*DATA RECORDS*.
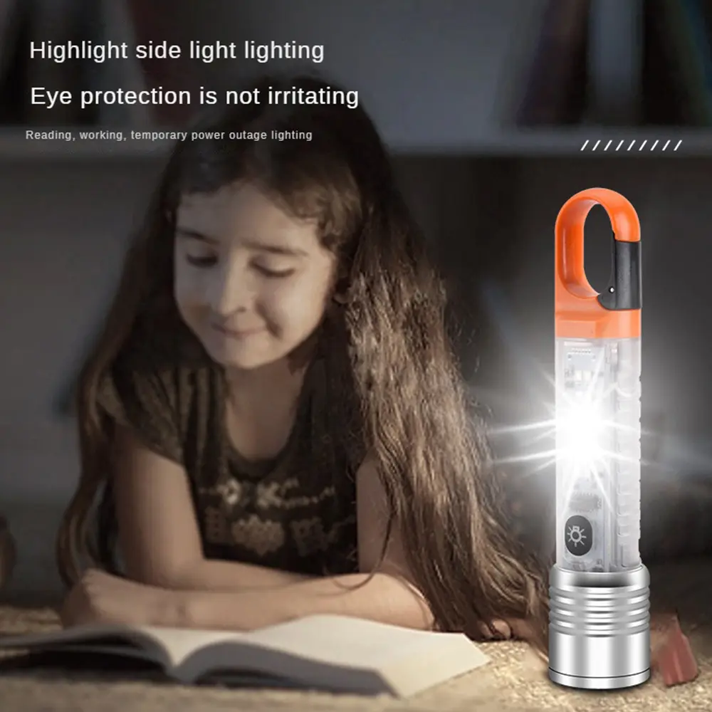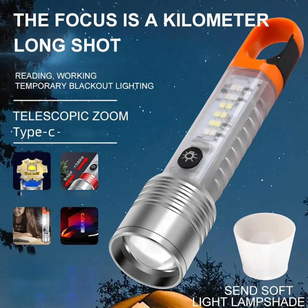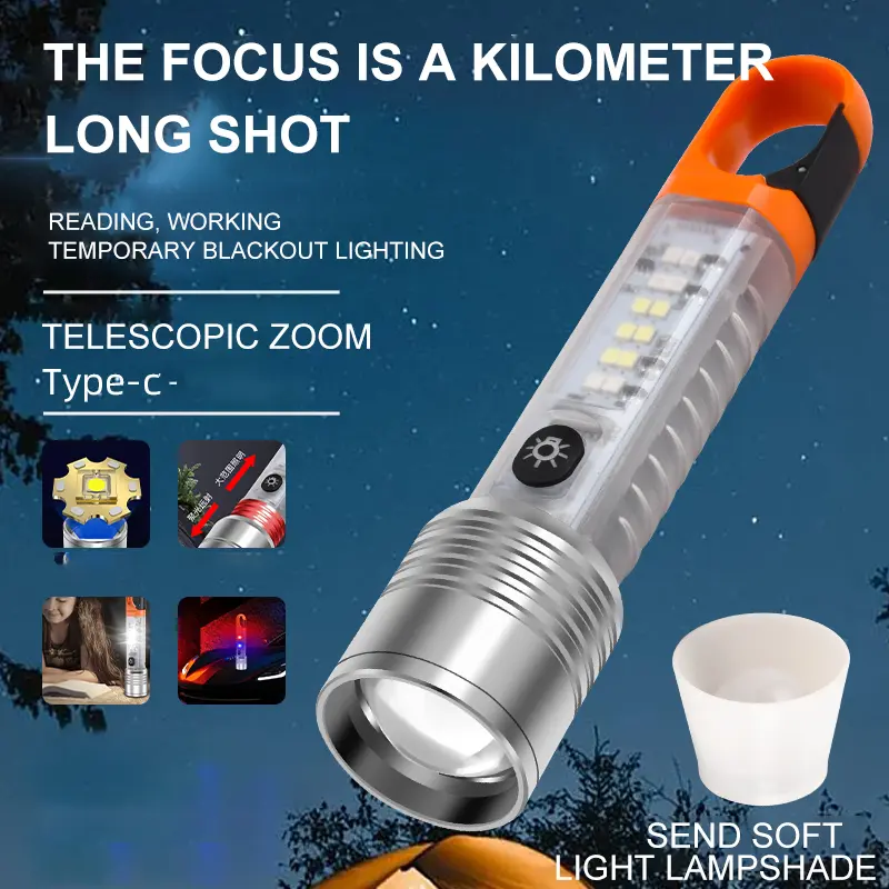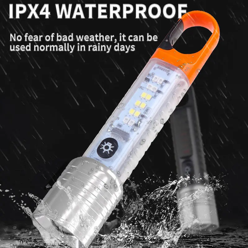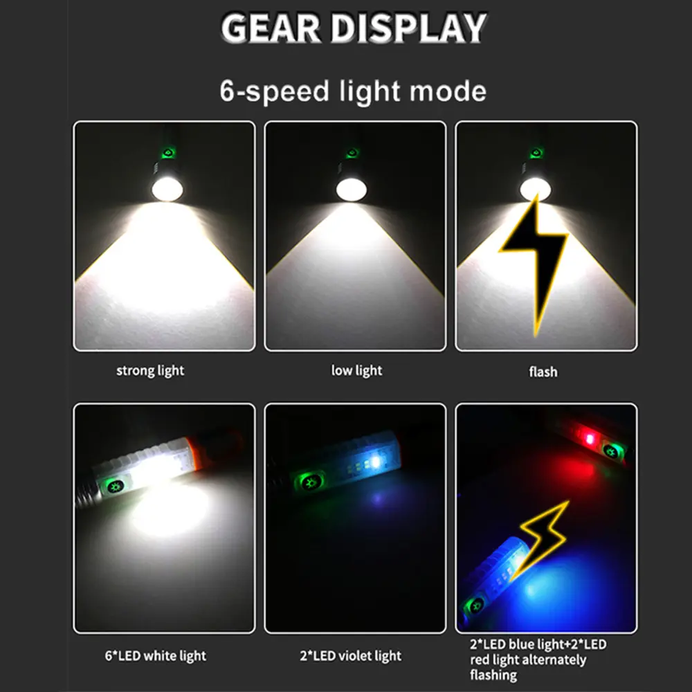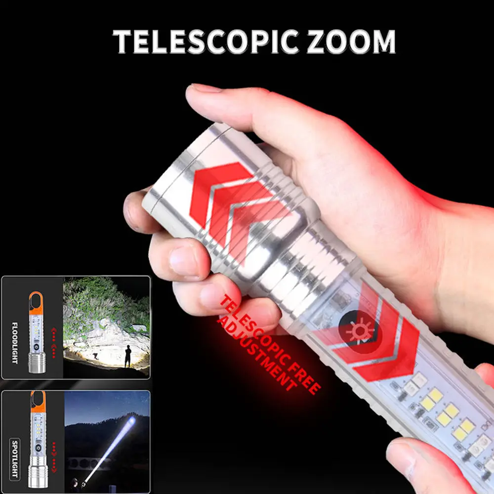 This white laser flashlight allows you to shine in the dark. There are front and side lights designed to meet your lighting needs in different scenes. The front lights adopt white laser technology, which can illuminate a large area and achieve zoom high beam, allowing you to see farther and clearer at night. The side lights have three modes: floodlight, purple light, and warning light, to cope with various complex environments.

* * *

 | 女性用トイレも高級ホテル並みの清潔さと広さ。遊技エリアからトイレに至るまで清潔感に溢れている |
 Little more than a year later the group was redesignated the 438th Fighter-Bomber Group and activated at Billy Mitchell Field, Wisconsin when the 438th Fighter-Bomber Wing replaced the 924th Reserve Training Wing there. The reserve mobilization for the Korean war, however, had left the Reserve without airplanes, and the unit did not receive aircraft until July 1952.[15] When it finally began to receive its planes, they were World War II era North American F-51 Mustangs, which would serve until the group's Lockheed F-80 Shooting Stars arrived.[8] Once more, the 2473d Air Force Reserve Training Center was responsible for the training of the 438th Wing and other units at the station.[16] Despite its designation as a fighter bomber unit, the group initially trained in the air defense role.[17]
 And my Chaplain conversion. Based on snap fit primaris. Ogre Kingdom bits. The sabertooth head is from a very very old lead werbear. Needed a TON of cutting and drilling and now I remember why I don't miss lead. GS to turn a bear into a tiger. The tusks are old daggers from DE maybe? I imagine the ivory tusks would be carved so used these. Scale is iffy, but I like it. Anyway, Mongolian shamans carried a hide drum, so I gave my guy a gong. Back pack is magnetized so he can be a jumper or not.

--

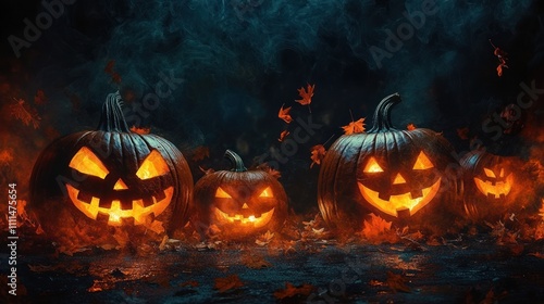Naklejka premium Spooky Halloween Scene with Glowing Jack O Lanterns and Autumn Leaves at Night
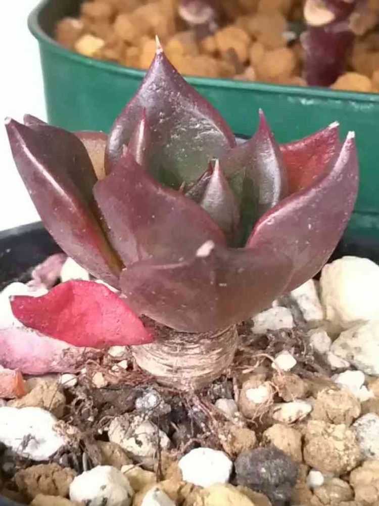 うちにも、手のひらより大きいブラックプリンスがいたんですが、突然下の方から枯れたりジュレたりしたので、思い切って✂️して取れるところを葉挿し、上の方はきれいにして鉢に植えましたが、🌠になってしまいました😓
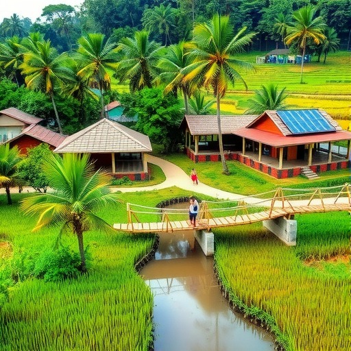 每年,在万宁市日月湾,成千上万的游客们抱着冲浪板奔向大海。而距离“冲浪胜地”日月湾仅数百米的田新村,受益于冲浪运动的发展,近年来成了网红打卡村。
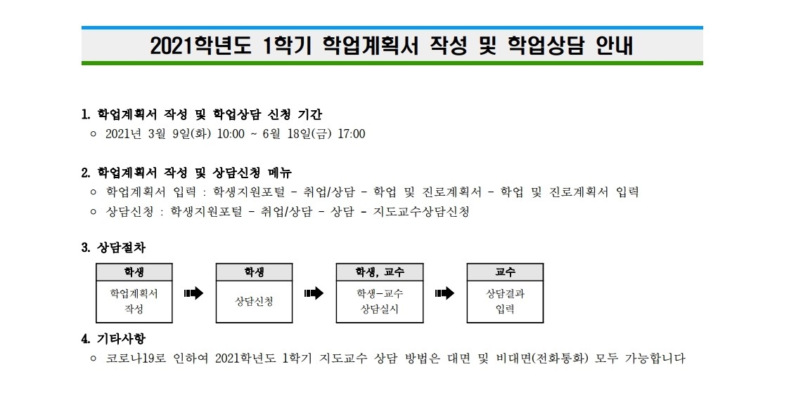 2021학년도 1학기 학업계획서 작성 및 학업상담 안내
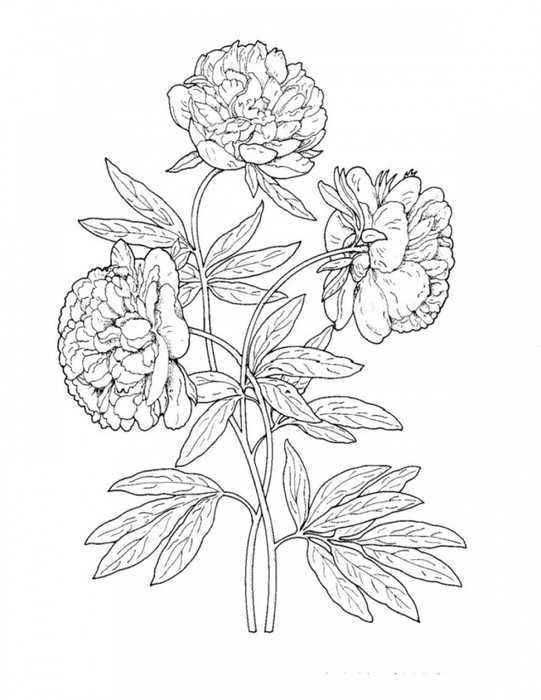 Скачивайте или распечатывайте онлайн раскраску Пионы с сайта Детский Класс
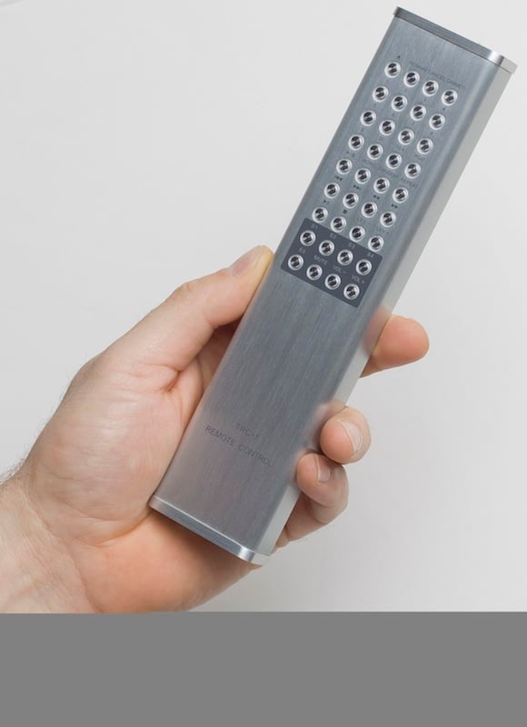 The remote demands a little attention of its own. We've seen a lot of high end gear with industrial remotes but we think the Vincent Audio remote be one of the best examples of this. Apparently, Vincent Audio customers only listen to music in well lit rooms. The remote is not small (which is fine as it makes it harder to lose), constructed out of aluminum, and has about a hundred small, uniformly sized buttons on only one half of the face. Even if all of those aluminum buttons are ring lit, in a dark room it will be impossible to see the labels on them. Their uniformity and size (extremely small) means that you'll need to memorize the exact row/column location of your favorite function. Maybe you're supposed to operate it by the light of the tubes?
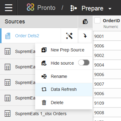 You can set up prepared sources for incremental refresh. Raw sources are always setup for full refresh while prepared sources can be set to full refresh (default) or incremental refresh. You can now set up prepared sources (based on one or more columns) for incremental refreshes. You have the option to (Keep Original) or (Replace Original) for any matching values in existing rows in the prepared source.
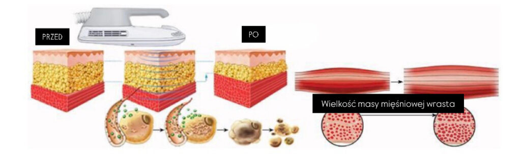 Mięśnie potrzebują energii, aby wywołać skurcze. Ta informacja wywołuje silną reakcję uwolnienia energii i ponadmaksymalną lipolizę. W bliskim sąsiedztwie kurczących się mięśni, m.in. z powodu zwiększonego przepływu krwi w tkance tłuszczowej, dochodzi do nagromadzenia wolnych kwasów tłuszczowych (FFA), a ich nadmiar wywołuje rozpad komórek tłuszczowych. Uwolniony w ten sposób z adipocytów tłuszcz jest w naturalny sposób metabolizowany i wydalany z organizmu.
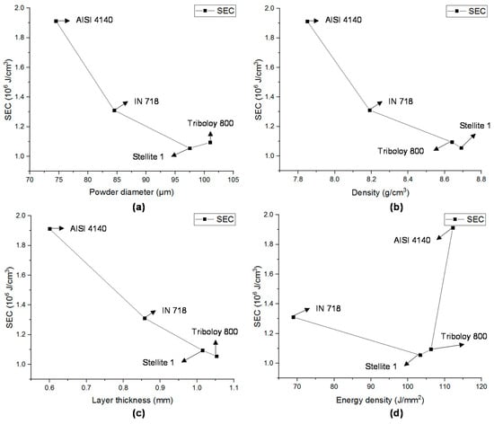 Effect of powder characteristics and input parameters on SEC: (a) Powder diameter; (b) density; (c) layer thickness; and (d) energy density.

*PROBLEM*. Look above for the line containing "每年,在万宁市日月湾,成千上", then copy exactly from it through the line containing "Скачивайте или распечатывайте", keeping both and leaving out pictures. Add nothing else.

*YOUR RESPONSE*.
 每年,在万宁市日月湾,成千上万的游客们抱着冲浪板奔向大海。而距离“冲浪胜地”日月湾仅数百米的田新村,受益于冲浪运动的发展,近年来成了网红打卡村。
 2021학년도 1학기 학업계획서 작성 및 학업상담 안내
 Скачивайте или распечатывайте онлайн раскраску Пионы с сайта Детский Класс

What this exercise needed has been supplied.